Let me tell you this for a fact, if we allow them (political elite) to decide who will become president in 2023, we are going to be in the same position, if not worse. As a matter of fact, there might be no country to talk about anymore. When I watched his programme, first of all, I was amazed that this is the person that we are calling Maradona. He even used his own mouth to say he had to do a ‘Maradonic handling of society.’ This is why we are in the position we are today. People that should not be listened to at all are the ones making decisions for us, it’s a big problem. I believe the Nigerian people are smarter now than they were in 1993, they will not be bamboozled by any Maradona that doesn’t understand what being a Maradona is.
I believe that if he had taken a stance in 1993, when he was being approached by some of our so-called elite, to annul the election and forego this democratic idea; if he could have just captured those dissenting voices that did not want problems for the Nigerian people and just wanted their own personal progress, his name would have been written in gold.

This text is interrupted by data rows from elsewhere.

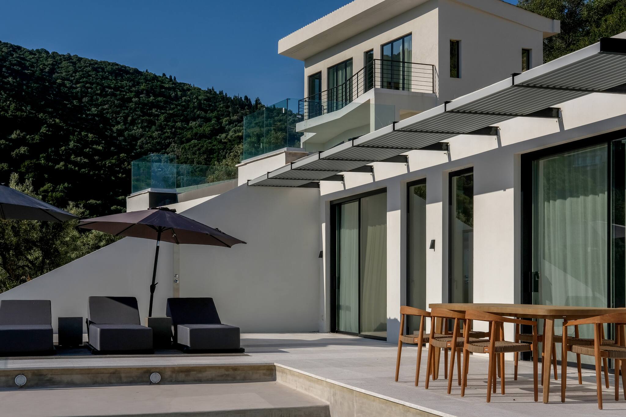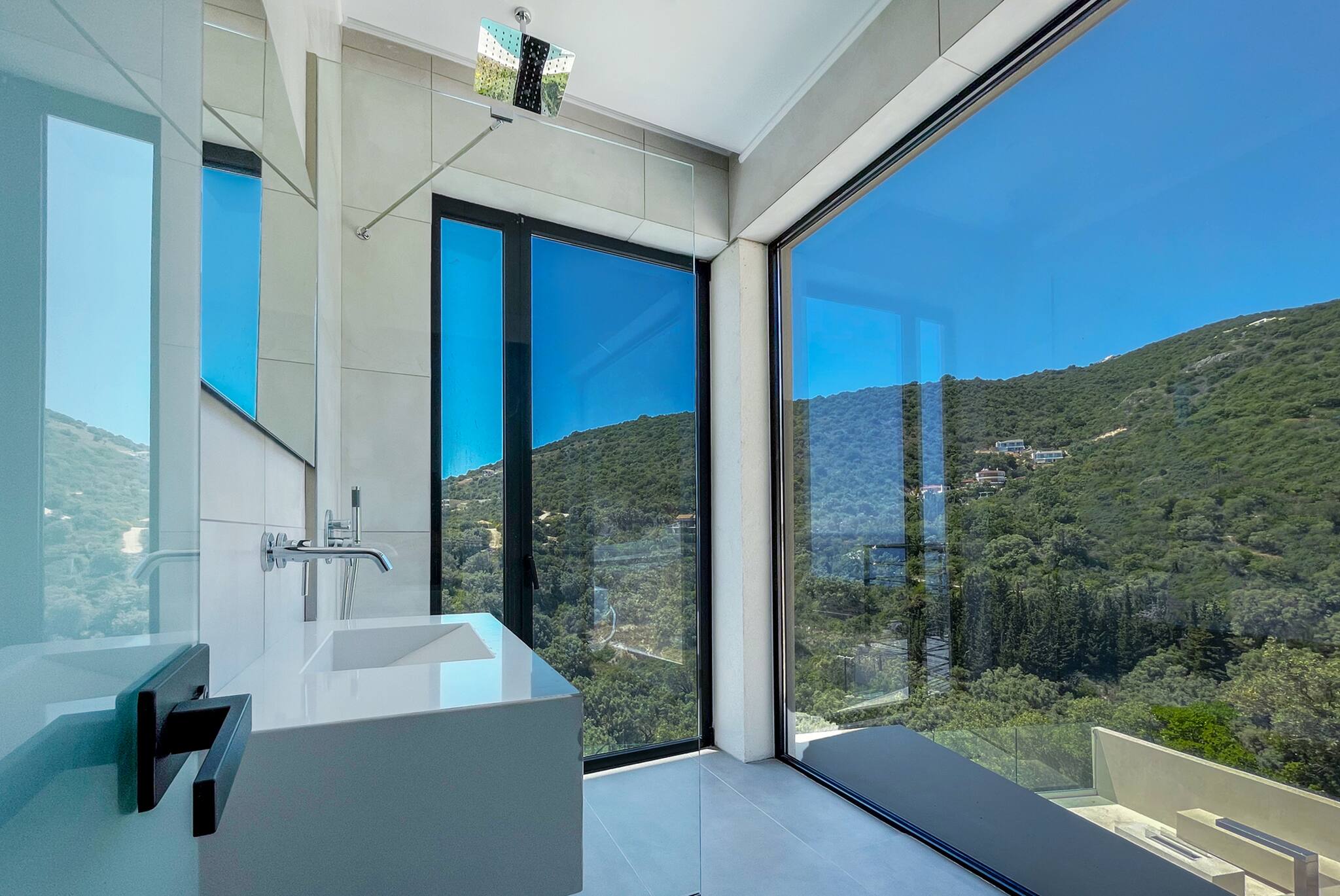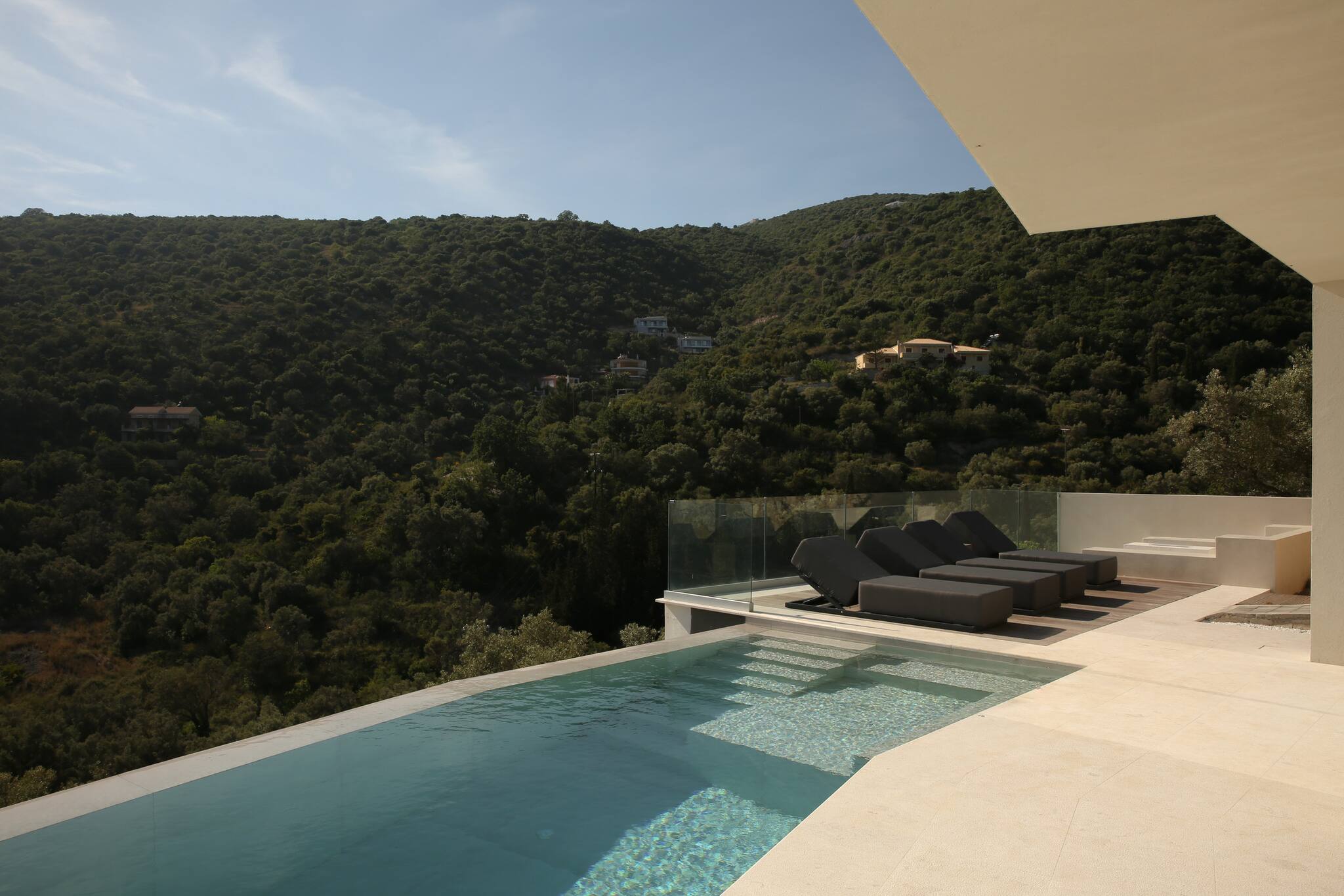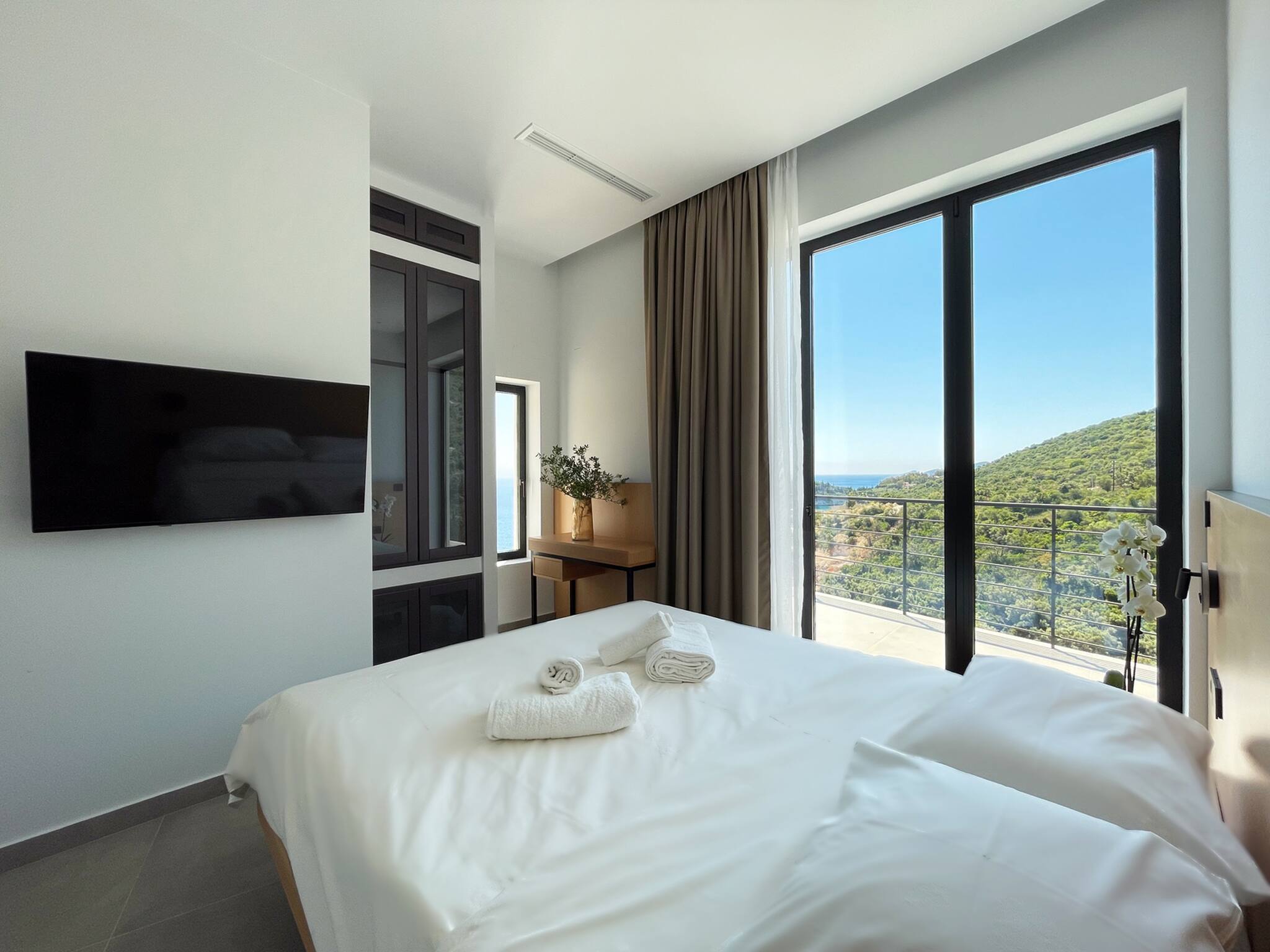 Upon entering Villa Saphora, you walk into a spacious open plan living area filled with natural sunlight through the window panel doors that lead to the outdoor pool area. This space consists of a fully equipped kitchen, dining area and a lounge setting facing the Ionian Sea and the lush green mountain side in the background. The lounge are consists of a double sofa bed for an additional two guests.
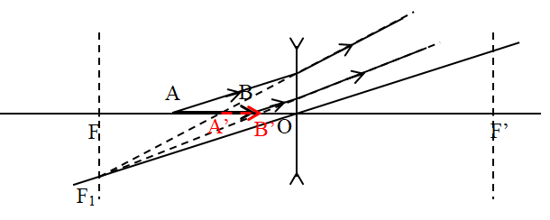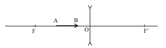 Một vật sáng AB đặt trước thấu kính phân kì, AB nằm trên trục chính (hình vẽ). Vẽ ảnh
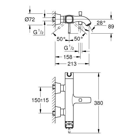 Wandmontage, SilkMove 46 mm Keramikkartusche, Long-Life Oberfläche, variabel einstellbare Mengenbegrenzung, integrierter Handbrausehalter, automatische Umstellung Wanne/Brause, Auslauf mit Mousseur, integrierter Rückflussverhinderer im Brauseabgang 1/2", verdeckte S-Anschlüssee, eigensicher gegen Rückfließen
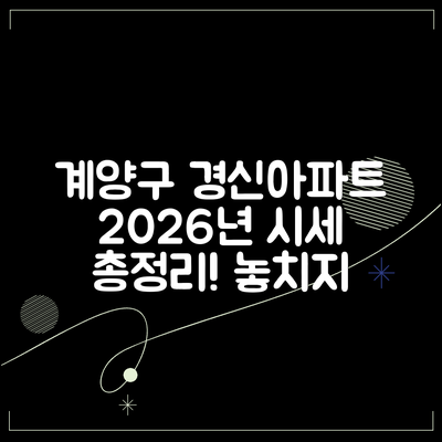 종합적으로 보았을 때, 인천시 계양구 계산동 경신 아파트의 2026년 시세는 여러 요인에 따라 다르게 예측될 수 있습니다. 매매를 고려하는 경우 지속적인 가격 상승을 목표로 하며, 전세를 선호할 경우 안정성을 중시하는 접근법이 필요합니다.
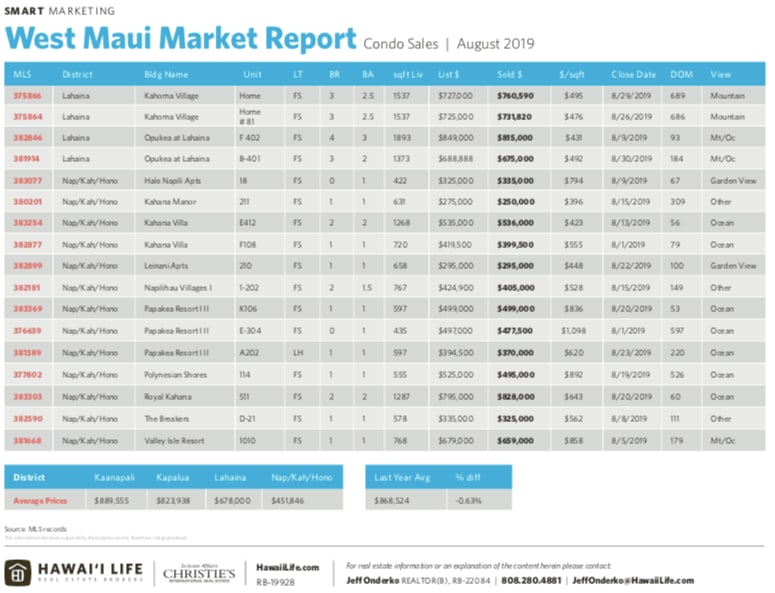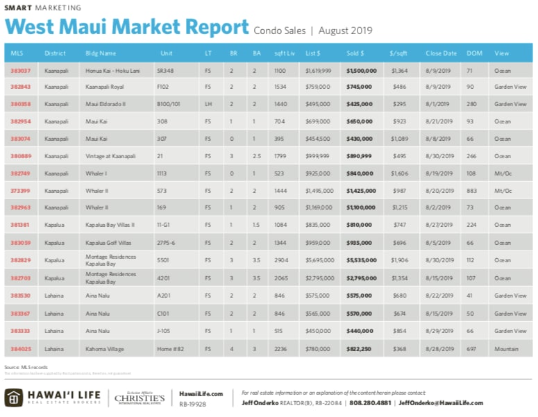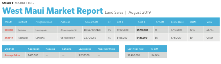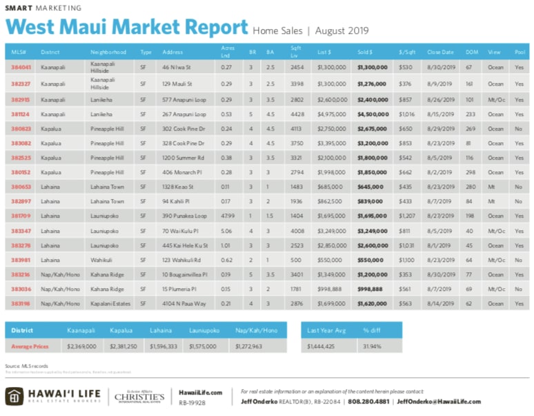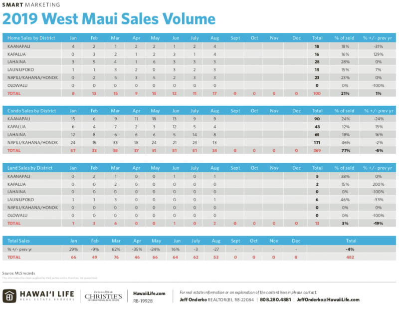 Sales volume in West Maui is feeling its first year over year decline since 2017 and sits at currently -4% (yes there was a decline in transactions from 2017/2016). However, 2018 with 695 transactions had a 7% volume increase compared 2017, so it’s easy to say we are still in an actively churning market. From a pricing standpoint, homes saw a significant increase of +32% over the same period last year ($1.9M v $1.44M), while condos saw a slight -.6% decline at $863K v $868K.For the Year
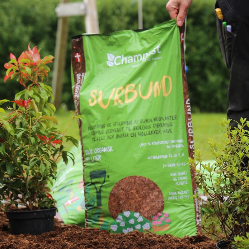 Champost Surbund består af komposteret plantemateriale fra nåleskov, grov spagnum og Champost Jordforbedring. En porøs organisk gødning som langsomt og naturligt frigives til planten. Gødningen optager vand, hvilket minimerer fordampningen til gavn for planten.
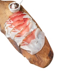 Брезаола делла Вальтеллина – это итальянское вяленое мясо, которое производится в долине Вальтеллина в Ломбардии. Брезаола обладает нежным, слегка солоноватым вкусом с легкими нотками пряностей. Аромат у нее насыщенный, с оттенками говядины и специй. Текстура – плотная, но в то же время нежная, с небольшими прожилками жира.
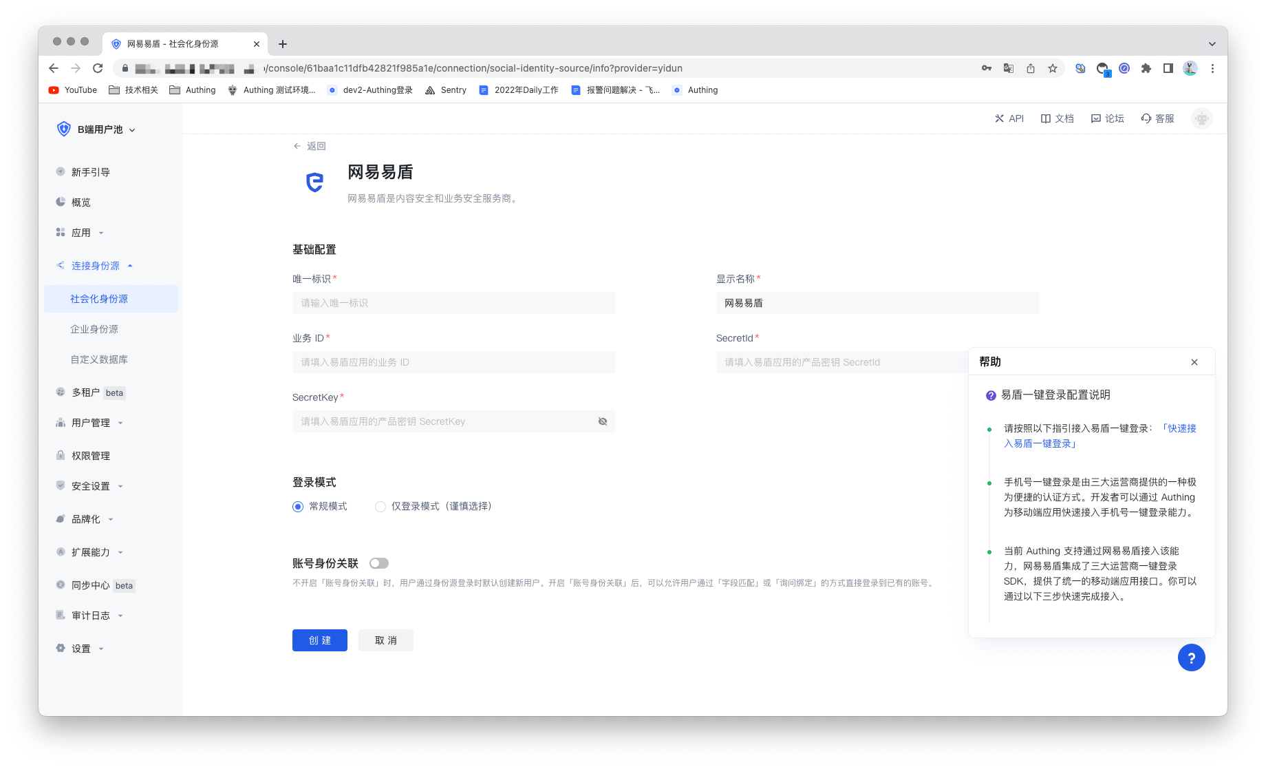 2.2 请在 Authing Console 控制台 的「社会化身份源」-「选择社会化身份源」页面,点击「易盾」身份源按钮,进入 「易盾登录模式」页面。
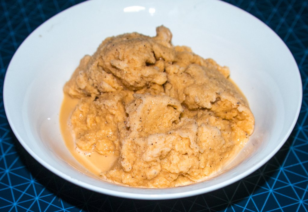 A couple hours in advance, boil four cups of water. Put the tea leaves in a tea ball and put this in the boiled water in a mixing bowl. Let it sit for a few minutes, and then stir in the milk powder. This should turn into something thicker than whole milk, which is my way of avoiding using actual cream. You can of course do that if you want something more authentic but also more calorie-dense. Mix well, remove the tea ball, and refrigerate.
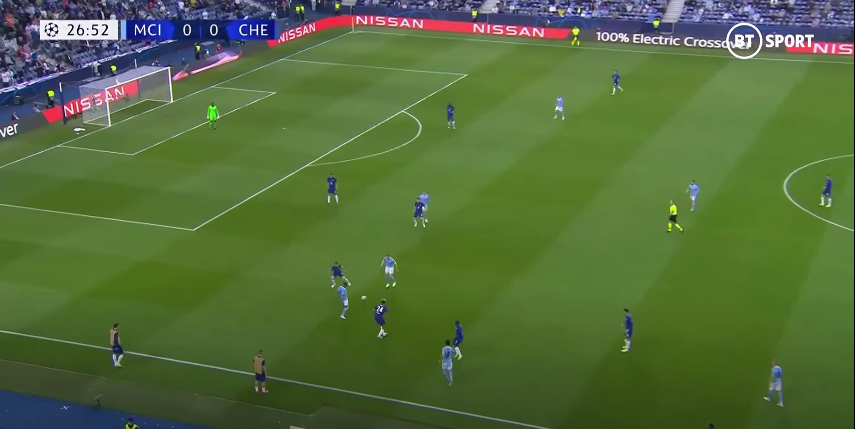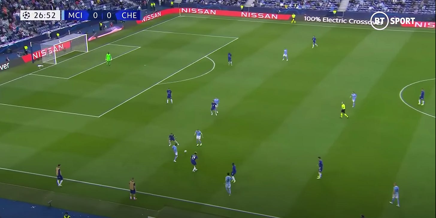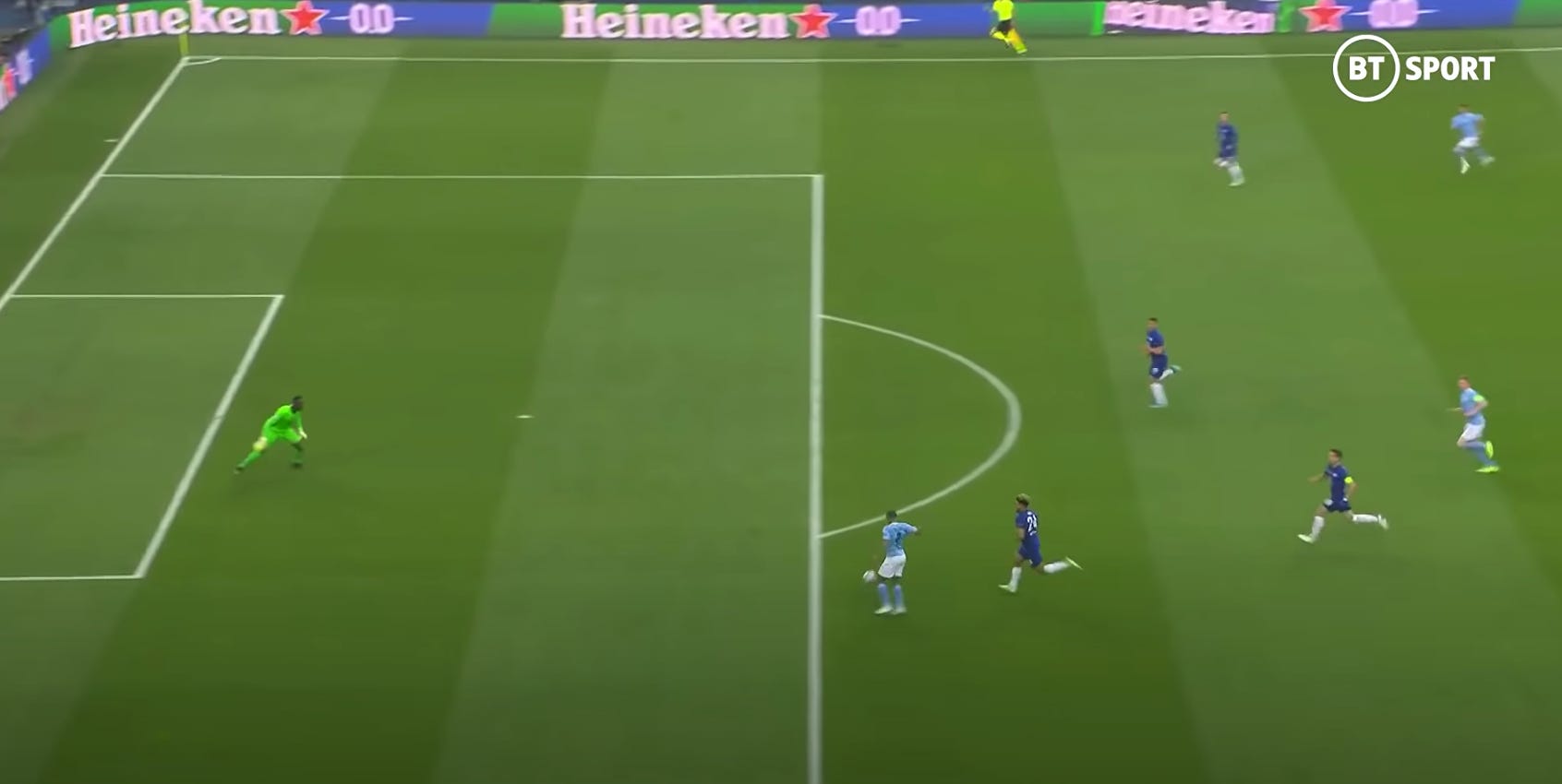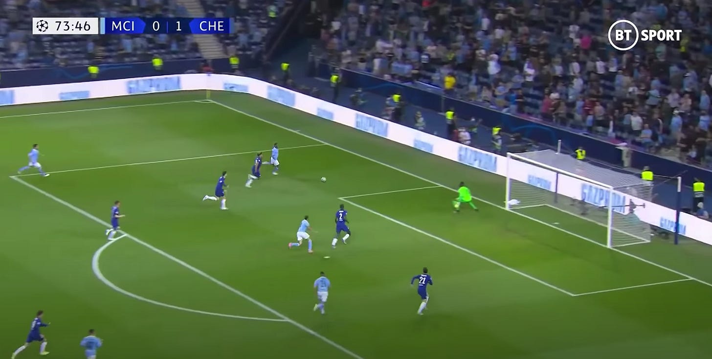 09:16: Sterling picks up the ball in his own half and carries it all the way into Chelsea’s box before crossing it into a very dangerous area, a yard away from Foden, who may have not been expecting the pass. Chilwell intercepts the cross excellently, before Mahrez has a chance to shoot.
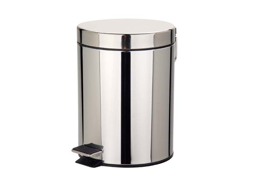 Cylindrical pedal bin in polished stainless steel, 5 litres
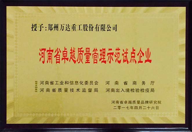 熱烈祝賀鄭州萬達重工股份有限公司榮獲“河南省卓越質量管理示范試點企業(yè)”榮譽稱號!
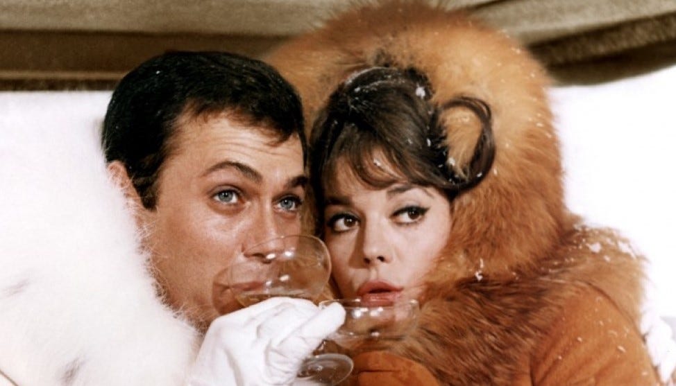 Meanwhile, Curtis as clean cut hero Leslie Gallant shares a predictable but sweet romance with Natalie Wood playing Maggie DuBois. Maggie is the stereotypical girl-who-doesn’t-need-a-man, and as we expect she finds it difficult to resist the charms of “The Great Leslie”.

But for as long as I am alive, I will make sure that enough people understand that the greatest problem we have in this country is the five babas that are on hilltops. We know where the hilltops are. Anybody that I see that goes to meet them on any of those hilltops for their permission to be president, I have already written those people off because those people have shown that they are not with the Nigerian masses, but they are with a select few who have ruined the nation and they feel they have the right to continue to ruin what we are trying to build.
The Nigeria of today is not the Nigeria of 1993. We are not doing well, but you can see that we are using 97 per cent of our income to service debts. We cannot continue this way. For the past 30 years, we listened to them diligently when they came to us to request our votes, but nothing came out of it. I urge Nigerians, if it’s only this one time you take my advice, to shun anything you hear from these five babas. Enough is enough!